[ASSIGNED TASK]
Repeat exactly what runs from the line with "Схема кінематична токарно-гвинторізного" through the last line of the material, and keep the pictures out of it.

---------- DATA EXCERPT

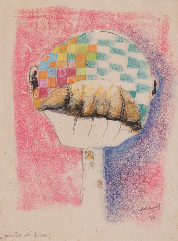 GODWIN EKHARD (1932-1995) "Fornitore di brios", 1971. Tecnica mista su carta....
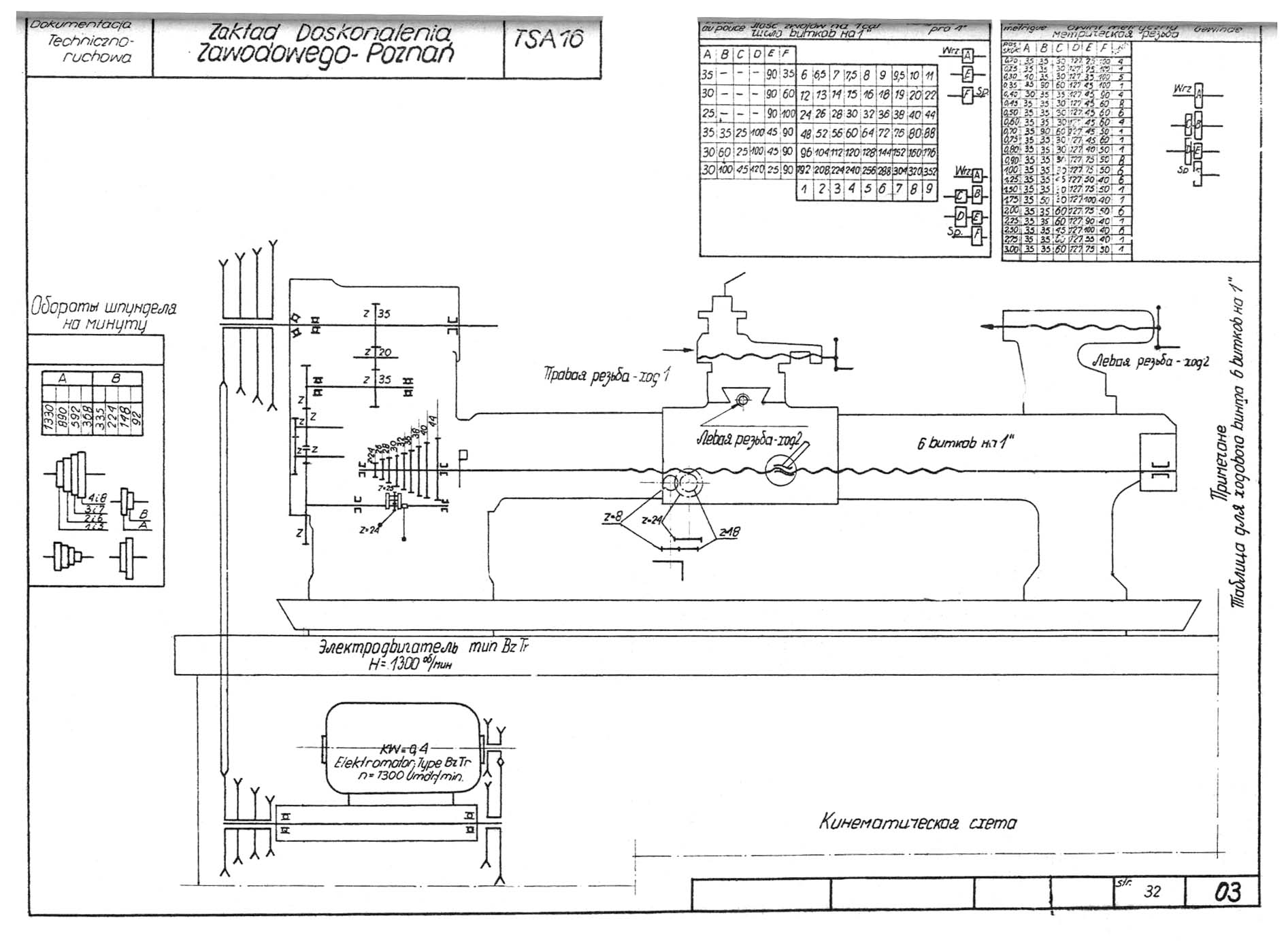 Схема кінематична токарно-гвинторізного верстата TSA-16. Дивитись у збільшеному масштабі
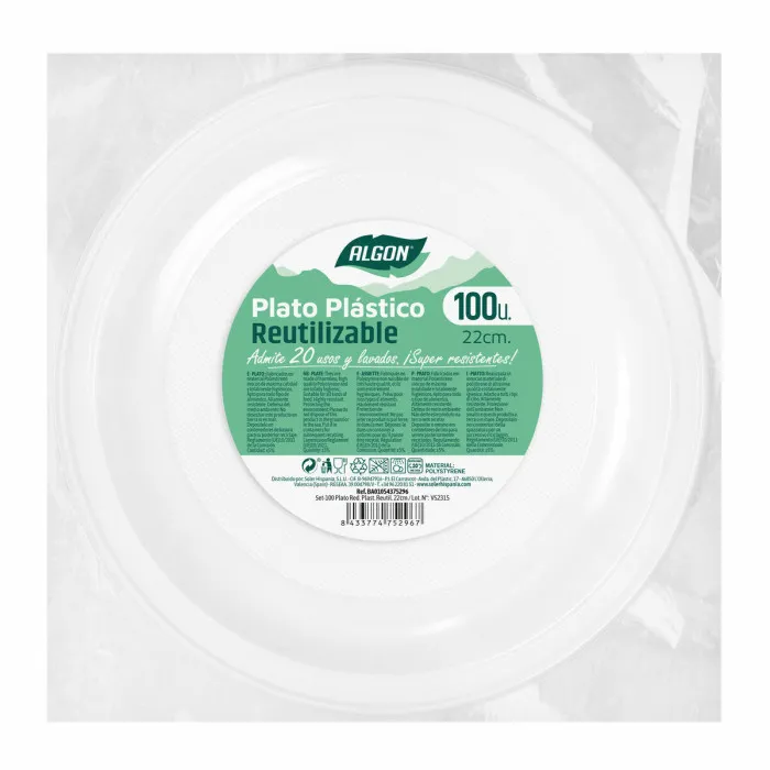 Set of reusable plates Algon Circular White Plastic 22 x 22 x 1,5 cm (6 Units)
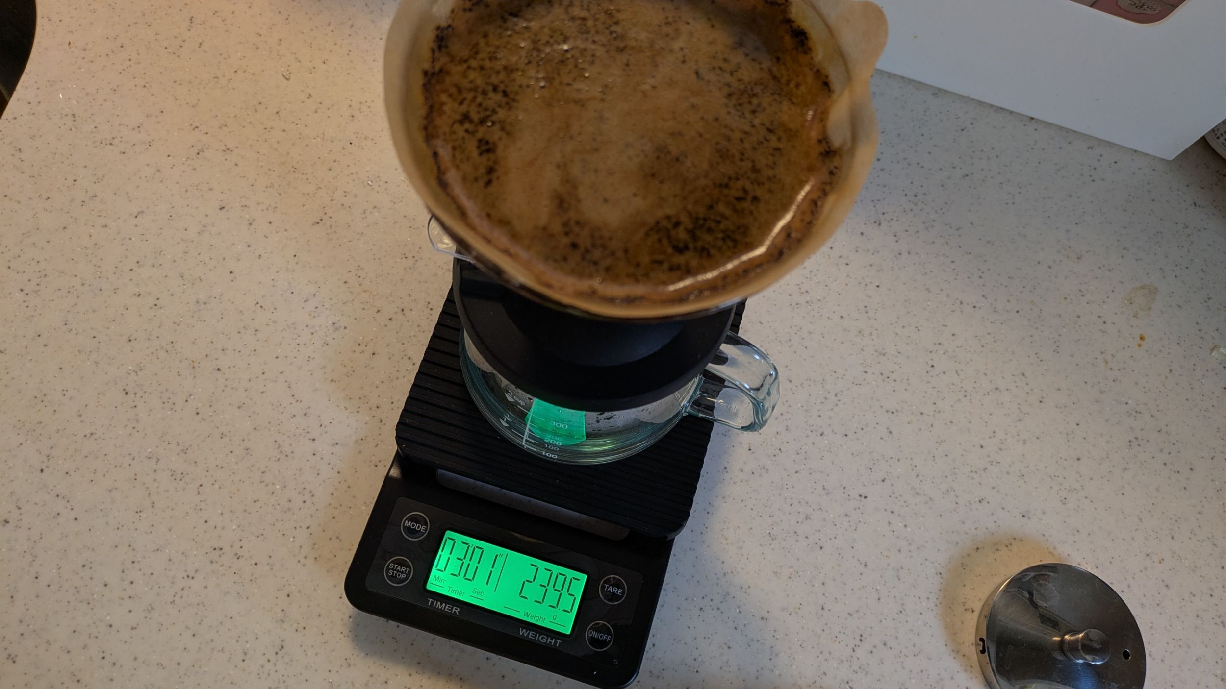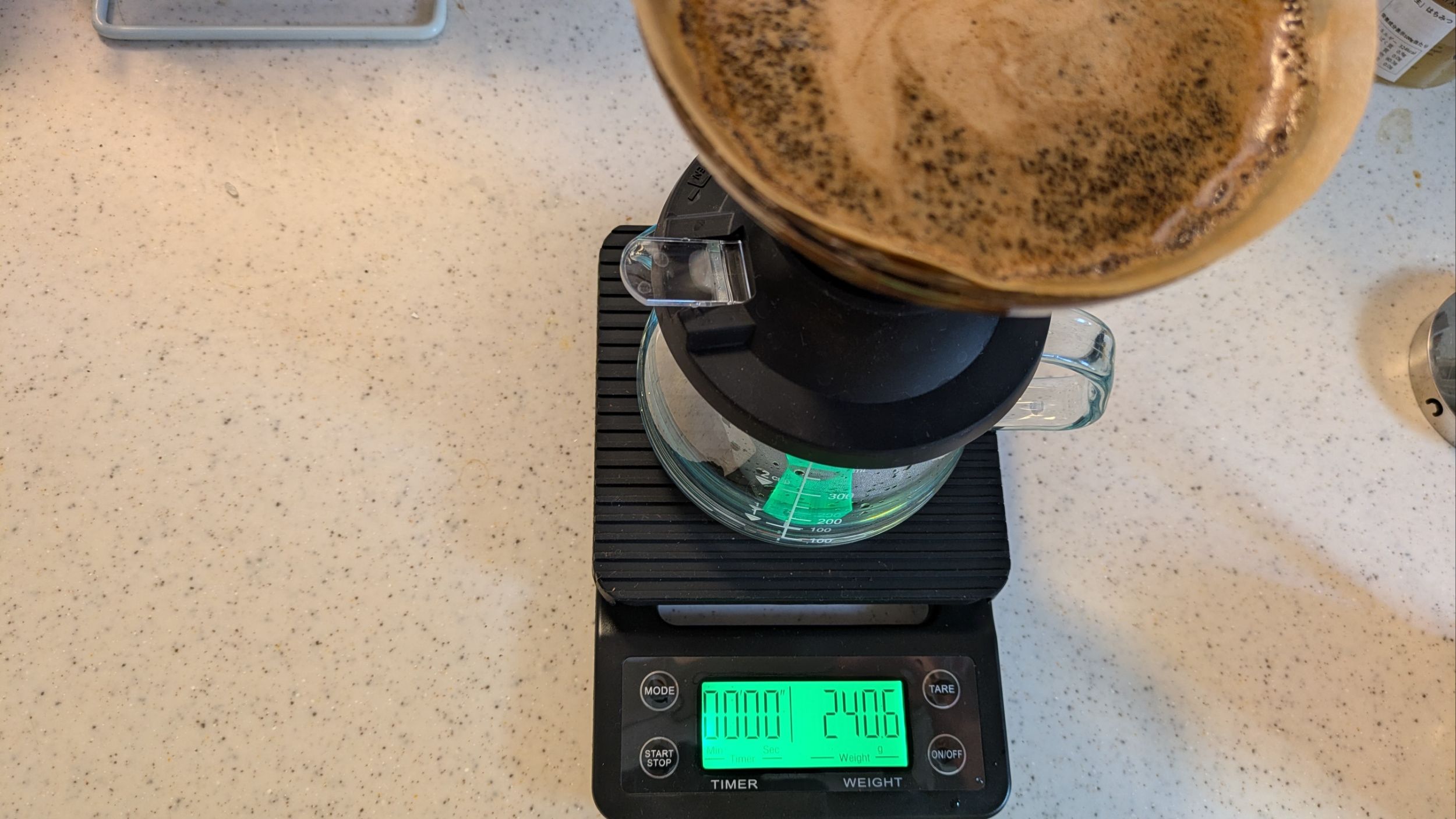 3分経ちましたので、スイッチを下げて抽出したコーヒー液を落としていきます。

--------------------

[WRITTEN RESPONSE]
 Схема кінематична токарно-гвинторізного верстата TSA-16. Дивитись у збільшеному масштабі
 Set of reusable plates Algon Circular White Plastic 22 x 22 x 1,5 cm (6 Units)
 3分経ちましたので、スイッチを下げて抽出したコーヒー液を落としていきます。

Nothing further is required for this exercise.